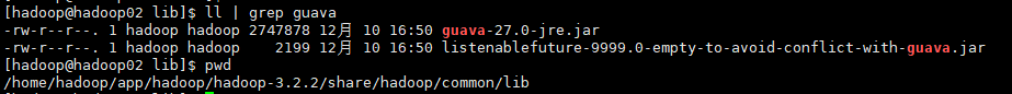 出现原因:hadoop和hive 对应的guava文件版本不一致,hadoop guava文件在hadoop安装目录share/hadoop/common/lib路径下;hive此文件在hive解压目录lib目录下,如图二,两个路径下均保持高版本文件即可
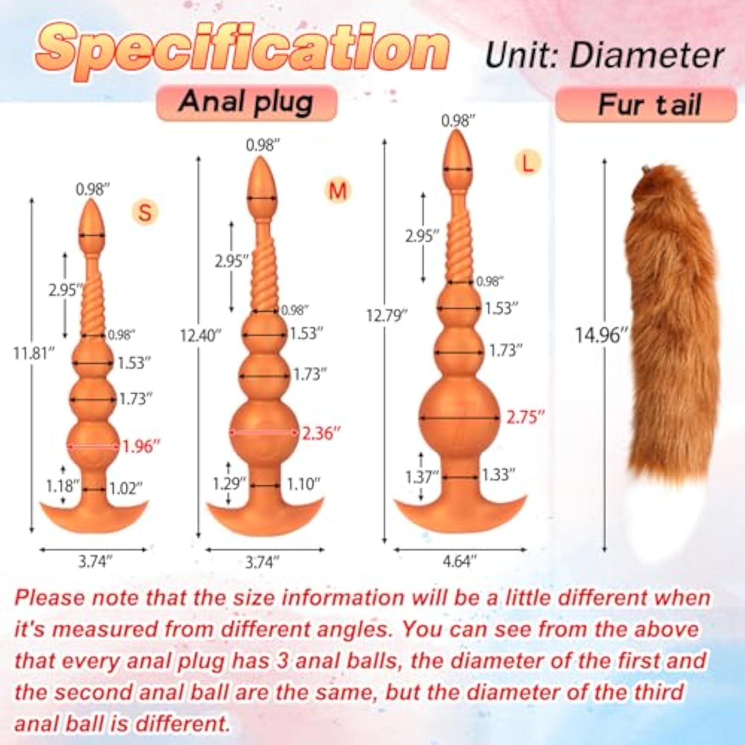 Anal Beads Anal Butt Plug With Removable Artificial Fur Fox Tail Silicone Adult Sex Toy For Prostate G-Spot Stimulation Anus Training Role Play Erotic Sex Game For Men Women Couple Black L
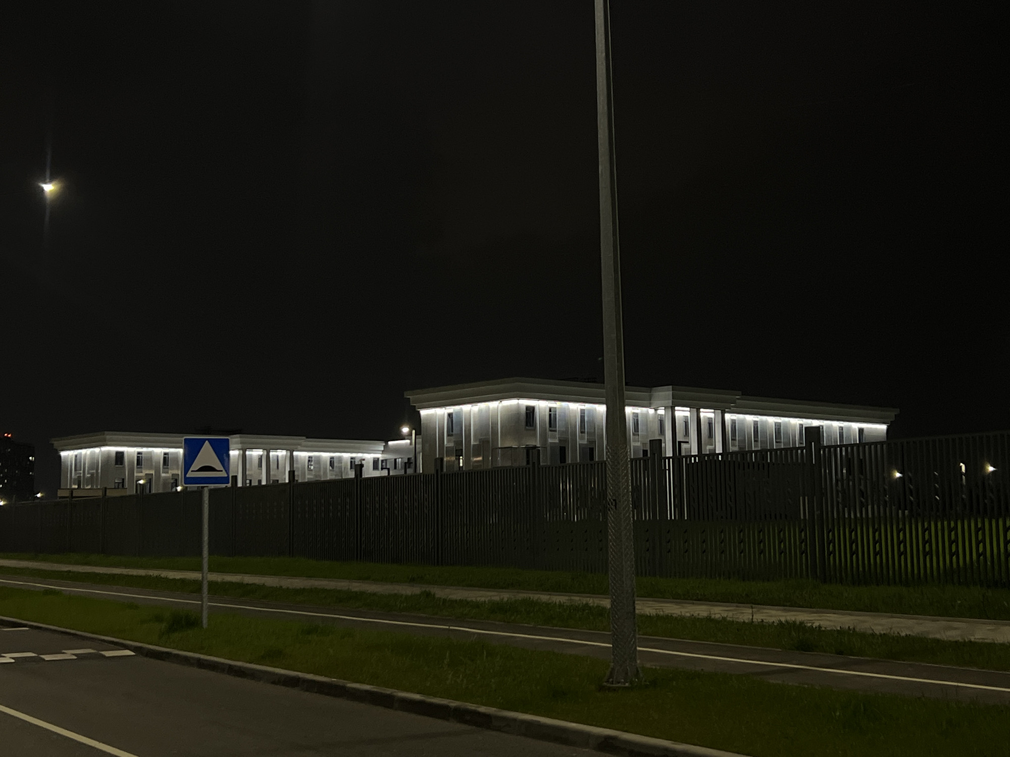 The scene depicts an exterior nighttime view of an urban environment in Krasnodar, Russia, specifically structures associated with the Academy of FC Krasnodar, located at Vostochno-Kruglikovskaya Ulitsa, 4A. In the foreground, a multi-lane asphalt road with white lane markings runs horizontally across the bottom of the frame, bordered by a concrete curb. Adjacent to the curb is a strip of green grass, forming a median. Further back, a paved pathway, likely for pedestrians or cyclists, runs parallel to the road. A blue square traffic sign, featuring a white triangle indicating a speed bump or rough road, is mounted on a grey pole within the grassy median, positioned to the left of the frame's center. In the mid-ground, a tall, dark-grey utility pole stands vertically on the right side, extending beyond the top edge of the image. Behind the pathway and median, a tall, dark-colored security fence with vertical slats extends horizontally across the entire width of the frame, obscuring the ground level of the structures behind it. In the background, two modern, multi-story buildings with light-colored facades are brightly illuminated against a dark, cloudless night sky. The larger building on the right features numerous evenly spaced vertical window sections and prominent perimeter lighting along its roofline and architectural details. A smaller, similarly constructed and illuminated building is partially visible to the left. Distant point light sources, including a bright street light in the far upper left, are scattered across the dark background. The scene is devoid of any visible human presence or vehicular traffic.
...
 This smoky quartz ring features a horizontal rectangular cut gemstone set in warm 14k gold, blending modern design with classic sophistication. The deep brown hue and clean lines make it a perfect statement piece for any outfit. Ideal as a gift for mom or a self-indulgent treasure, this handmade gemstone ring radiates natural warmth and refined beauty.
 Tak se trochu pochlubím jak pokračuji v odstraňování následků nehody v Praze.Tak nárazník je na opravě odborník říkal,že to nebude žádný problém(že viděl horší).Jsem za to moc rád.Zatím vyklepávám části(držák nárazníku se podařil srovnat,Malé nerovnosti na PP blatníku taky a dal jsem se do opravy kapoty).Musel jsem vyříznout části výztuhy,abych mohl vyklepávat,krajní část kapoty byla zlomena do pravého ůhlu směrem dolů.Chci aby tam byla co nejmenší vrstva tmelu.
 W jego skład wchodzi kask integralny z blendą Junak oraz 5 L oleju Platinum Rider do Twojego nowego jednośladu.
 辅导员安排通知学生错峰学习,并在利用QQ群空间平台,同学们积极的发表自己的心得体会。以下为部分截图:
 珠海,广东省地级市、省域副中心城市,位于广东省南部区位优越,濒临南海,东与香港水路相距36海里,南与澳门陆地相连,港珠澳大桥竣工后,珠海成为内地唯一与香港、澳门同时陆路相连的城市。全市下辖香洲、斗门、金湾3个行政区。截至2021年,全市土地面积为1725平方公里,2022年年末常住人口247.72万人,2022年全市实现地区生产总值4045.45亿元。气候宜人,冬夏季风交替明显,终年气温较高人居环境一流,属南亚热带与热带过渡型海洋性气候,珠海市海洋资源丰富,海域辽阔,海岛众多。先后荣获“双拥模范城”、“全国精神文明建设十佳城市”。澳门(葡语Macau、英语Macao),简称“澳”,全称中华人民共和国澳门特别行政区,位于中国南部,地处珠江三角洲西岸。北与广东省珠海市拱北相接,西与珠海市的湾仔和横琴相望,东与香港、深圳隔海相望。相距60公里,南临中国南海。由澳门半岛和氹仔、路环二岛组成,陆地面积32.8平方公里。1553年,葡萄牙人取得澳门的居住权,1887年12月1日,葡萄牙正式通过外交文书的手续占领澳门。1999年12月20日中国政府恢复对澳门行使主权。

> [PROBLEM STATEMENT] All lines above from the line with "辅导员安排通知学生错峰学习,并在利用QQ" through the line with "珠海,广东省地级市、省域副中", both included, are to be set down exactly, with nothing else.

> [SOLUTION BELOW]
 辅导员安排通知学生错峰学习,并在利用QQ群空间平台,同学们积极的发表自己的心得体会。以下为部分截图:
 珠海,广东省地级市、省域副中心城市,位于广东省南部区位优越,濒临南海,东与香港水路相距36海里,南与澳门陆地相连,港珠澳大桥竣工后,珠海成为内地唯一与香港、澳门同时陆路相连的城市。全市下辖香洲、斗门、金湾3个行政区。截至2021年,全市土地面积为1725平方公里,2022年年末常住人口247.72万人,2022年全市实现地区生产总值4045.45亿元。气候宜人,冬夏季风交替明显,终年气温较高人居环境一流,属南亚热带与热带过渡型海洋性气候,珠海市海洋资源丰富,海域辽阔,海岛众多。先后荣获“双拥模范城”、“全国精神文明建设十佳城市”。澳门(葡语Macau、英语Macao),简称“澳”,全称中华人民共和国澳门特别行政区,位于中国南部,地处珠江三角洲西岸。北与广东省珠海市拱北相接,西与珠海市的湾仔和横琴相望,东与香港、深圳隔海相望。相距60公里,南临中国南海。由澳门半岛和氹仔、路环二岛组成,陆地面积32.8平方公里。1553年,葡萄牙人取得澳门的居住权,1887年12月1日,葡萄牙正式通过外交文书的手续占领澳门。1999年12月20日中国政府恢复对澳门行使主权。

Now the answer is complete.